+++ ENTRIES PROVIDED +++

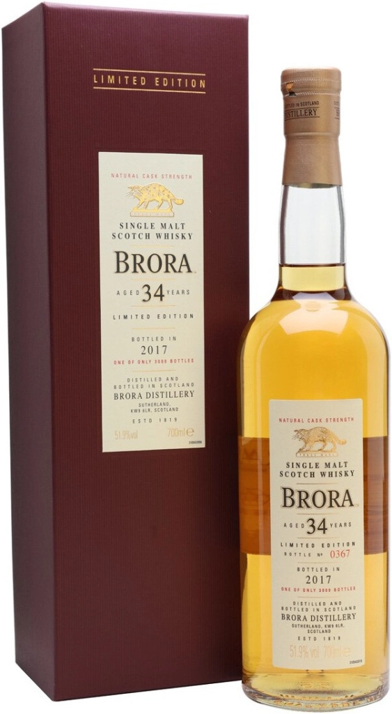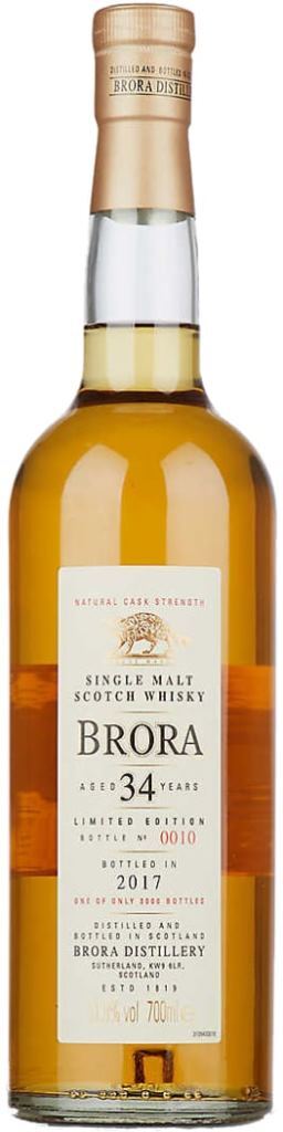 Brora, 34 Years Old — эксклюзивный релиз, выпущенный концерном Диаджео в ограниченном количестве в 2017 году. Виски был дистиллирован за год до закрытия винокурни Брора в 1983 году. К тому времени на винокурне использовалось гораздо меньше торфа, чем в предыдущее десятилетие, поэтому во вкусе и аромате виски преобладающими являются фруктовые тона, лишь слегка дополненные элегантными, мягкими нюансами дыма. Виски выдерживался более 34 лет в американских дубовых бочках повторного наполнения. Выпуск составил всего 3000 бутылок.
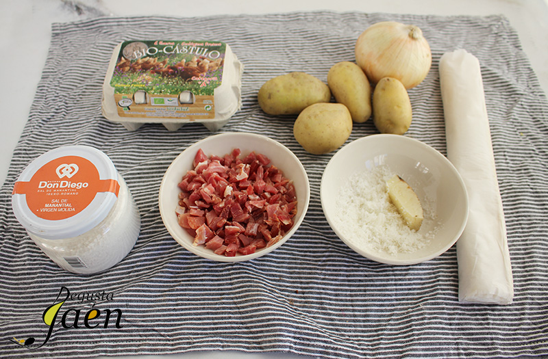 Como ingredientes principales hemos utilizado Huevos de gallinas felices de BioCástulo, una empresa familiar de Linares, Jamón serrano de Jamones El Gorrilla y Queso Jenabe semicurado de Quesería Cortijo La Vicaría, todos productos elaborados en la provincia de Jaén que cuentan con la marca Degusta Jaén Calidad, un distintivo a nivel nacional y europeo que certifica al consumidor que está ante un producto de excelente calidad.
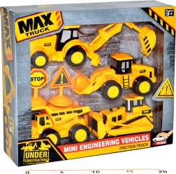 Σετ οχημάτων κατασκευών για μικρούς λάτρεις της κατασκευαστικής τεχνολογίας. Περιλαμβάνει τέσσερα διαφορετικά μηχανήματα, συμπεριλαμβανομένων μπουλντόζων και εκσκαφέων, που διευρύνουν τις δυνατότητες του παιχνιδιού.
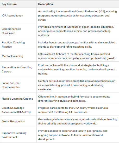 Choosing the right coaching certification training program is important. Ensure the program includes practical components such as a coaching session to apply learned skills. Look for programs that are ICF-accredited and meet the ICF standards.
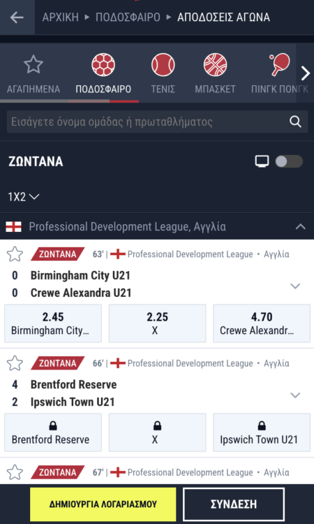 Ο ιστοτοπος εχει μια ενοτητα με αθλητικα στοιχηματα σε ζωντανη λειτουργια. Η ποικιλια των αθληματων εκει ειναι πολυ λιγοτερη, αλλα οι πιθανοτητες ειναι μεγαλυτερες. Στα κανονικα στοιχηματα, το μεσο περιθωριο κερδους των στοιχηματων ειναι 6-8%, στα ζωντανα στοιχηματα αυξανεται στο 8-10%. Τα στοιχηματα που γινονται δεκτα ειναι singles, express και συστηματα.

+++

### WORK TO BE COMPLETED
Set down all the entries above verbatim, and include none of the pictures.

### ANSWER TO THIS TASK
 Brora, 34 Years Old — эксклюзивный релиз, выпущенный концерном Диаджео в ограниченном количестве в 2017 году. Виски был дистиллирован за год до закрытия винокурни Брора в 1983 году. К тому времени на винокурне использовалось гораздо меньше торфа, чем в предыдущее десятилетие, поэтому во вкусе и аромате виски преобладающими являются фруктовые тона, лишь слегка дополненные элегантными, мягкими нюансами дыма. Виски выдерживался более 34 лет в американских дубовых бочках повторного наполнения. Выпуск составил всего 3000 бутылок.
 Como ingredientes principales hemos utilizado Huevos de gallinas felices de BioCástulo, una empresa familiar de Linares, Jamón serrano de Jamones El Gorrilla y Queso Jenabe semicurado de Quesería Cortijo La Vicaría, todos productos elaborados en la provincia de Jaén que cuentan con la marca Degusta Jaén Calidad, un distintivo a nivel nacional y europeo que certifica al consumidor que está ante un producto de excelente calidad.
 Σετ οχημάτων κατασκευών για μικρούς λάτρεις της κατασκευαστικής τεχνολογίας. Περιλαμβάνει τέσσερα διαφορετικά μηχανήματα, συμπεριλαμβανομένων μπουλντόζων και εκσκαφέων, που διευρύνουν τις δυνατότητες του παιχνιδιού.
 Choosing the right coaching certification training program is important. Ensure the program includes practical components such as a coaching session to apply learned skills. Look for programs that are ICF-accredited and meet the ICF standards.
 Ο ιστοτοπος εχει μια ενοτητα με αθλητικα στοιχηματα σε ζωντανη λειτουργια. Η ποικιλια των αθληματων εκει ειναι πολυ λιγοτερη, αλλα οι πιθανοτητες ειναι μεγαλυτερες. Στα κανονικα στοιχηματα, το μεσο περιθωριο κερδους των στοιχηματων ειναι 6-8%, στα ζωντανα στοιχηματα αυξανεται στο 8-10%. Τα στοιχηματα που γινονται δεκτα ειναι singles, express και συστηματα.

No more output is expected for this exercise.